(Problem requirements): Print exactly the lines below between the line containing "После установки приложение" and the line containing "This Keystone Impact", counting both of those lines. Leave pictures out.

(Data under study):
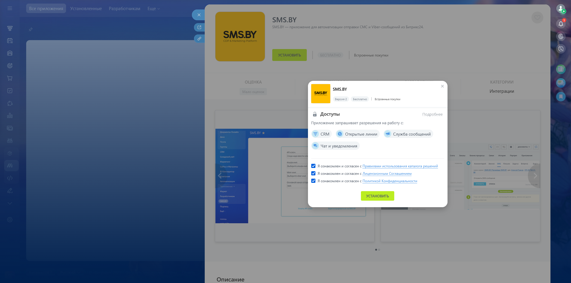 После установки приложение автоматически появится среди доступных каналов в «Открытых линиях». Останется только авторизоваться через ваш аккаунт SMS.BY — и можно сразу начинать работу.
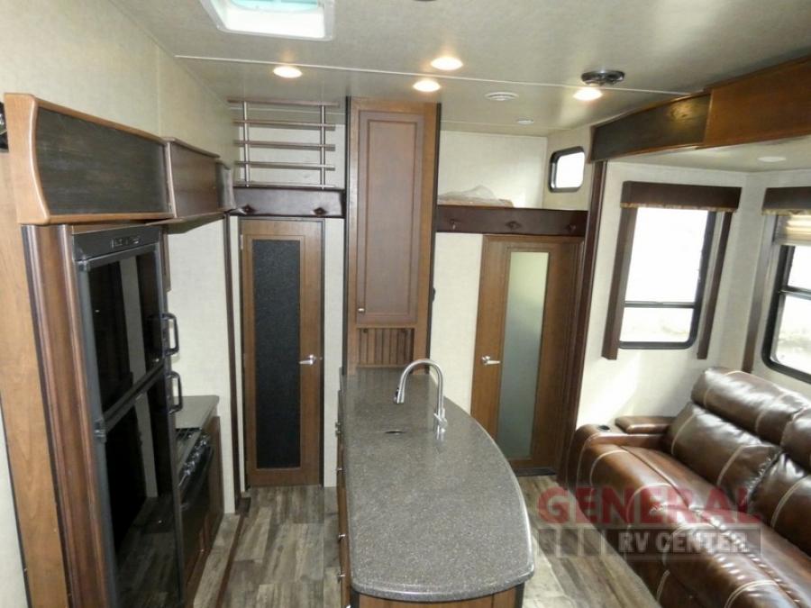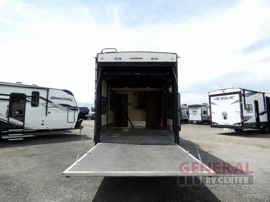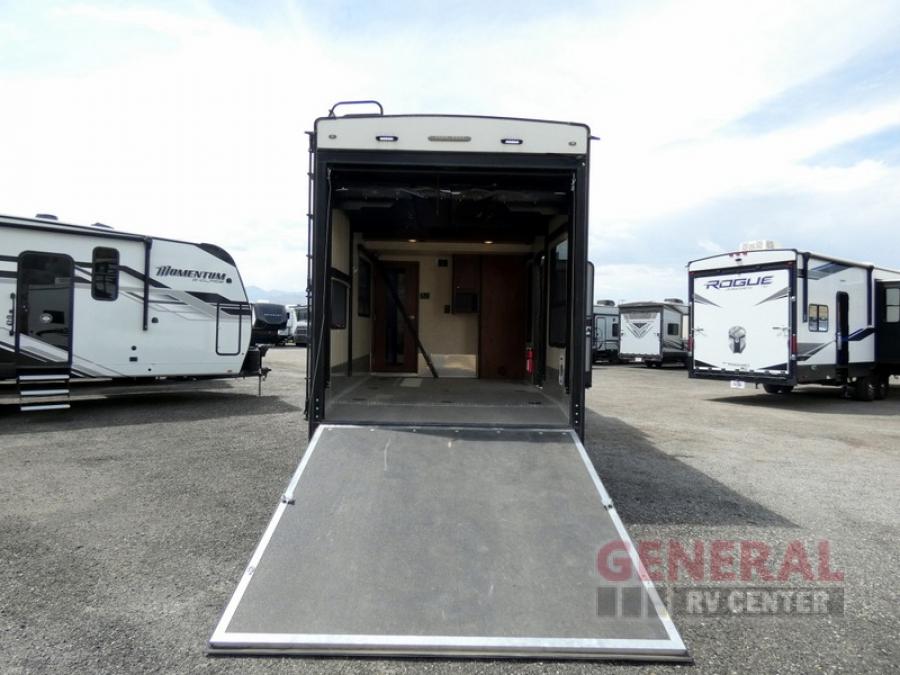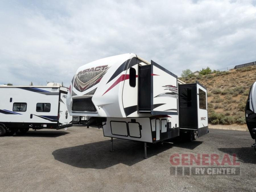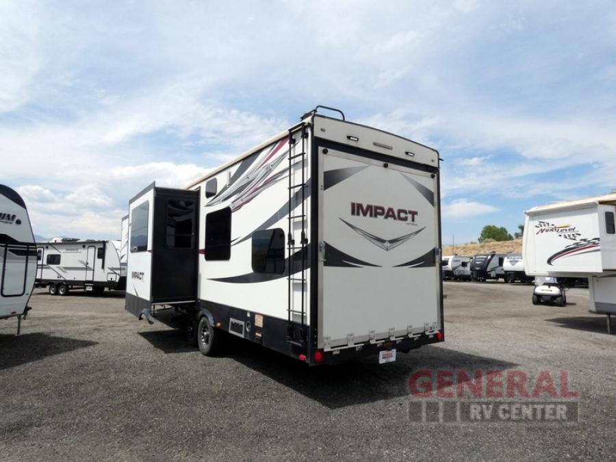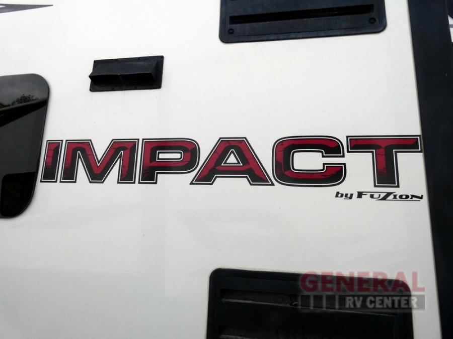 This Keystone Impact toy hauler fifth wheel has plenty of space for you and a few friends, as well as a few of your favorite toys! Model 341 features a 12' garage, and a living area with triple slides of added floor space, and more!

...

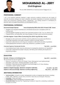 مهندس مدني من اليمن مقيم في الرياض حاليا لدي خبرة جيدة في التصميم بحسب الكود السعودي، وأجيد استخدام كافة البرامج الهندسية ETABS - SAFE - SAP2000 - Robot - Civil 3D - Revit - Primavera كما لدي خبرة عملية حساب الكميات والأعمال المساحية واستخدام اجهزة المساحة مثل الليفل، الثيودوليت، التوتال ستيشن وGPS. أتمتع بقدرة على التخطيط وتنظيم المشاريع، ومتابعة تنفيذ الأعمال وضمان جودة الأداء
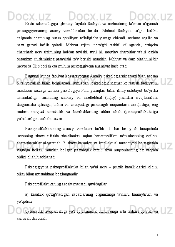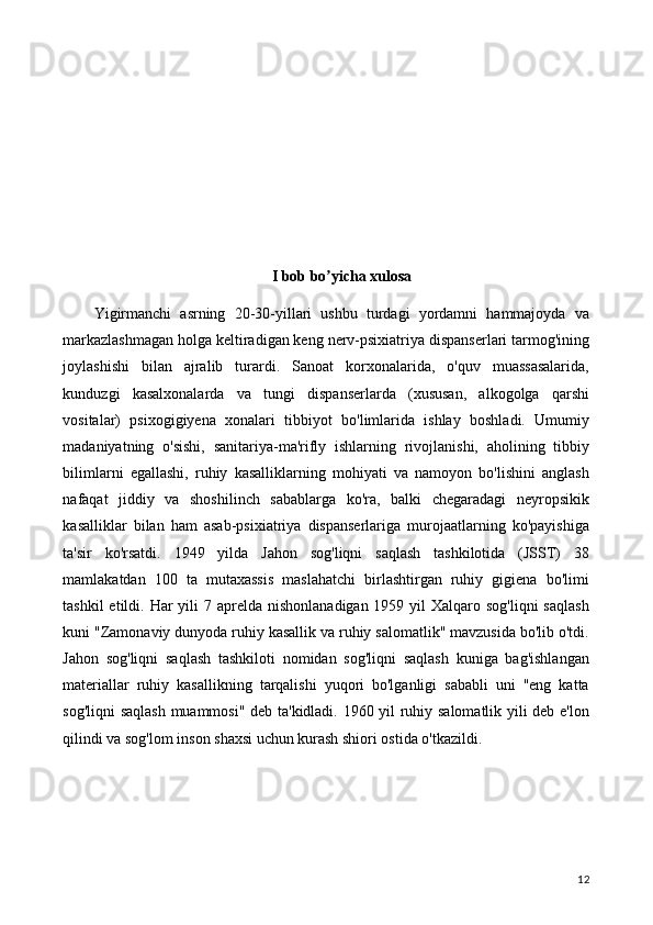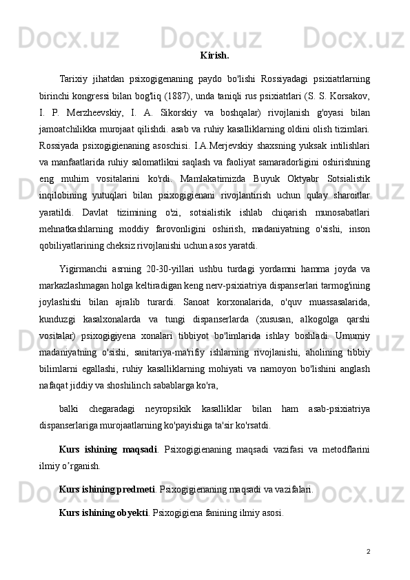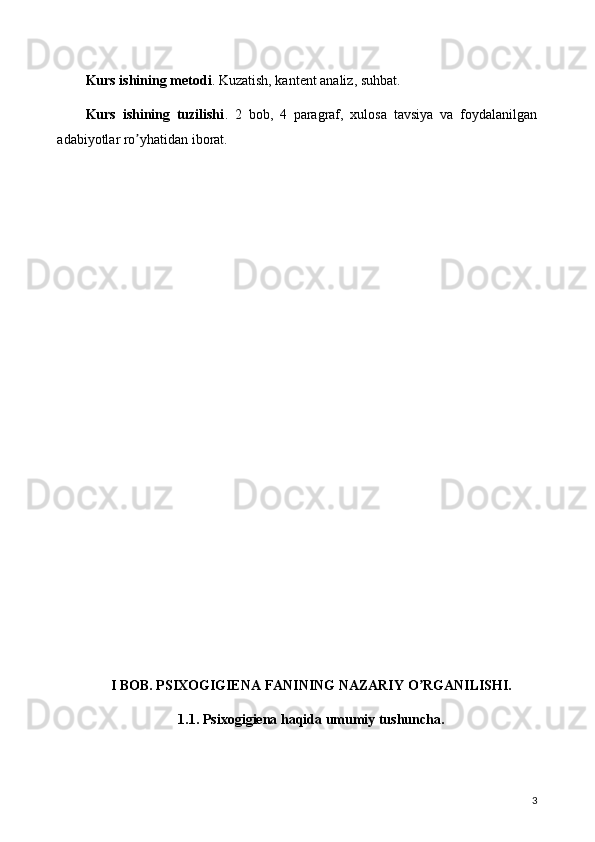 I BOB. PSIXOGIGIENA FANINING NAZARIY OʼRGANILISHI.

(The completed task):
 После установки приложение автоматически появится среди доступных каналов в «Открытых линиях». Останется только авторизоваться через ваш аккаунт SMS.BY — и можно сразу начинать работу.
 This Keystone Impact toy hauler fifth wheel has plenty of space for you and a few friends, as well as a few of your favorite toys! Model 341 features a 12' garage, and a living area with triple slides of added floor space, and more!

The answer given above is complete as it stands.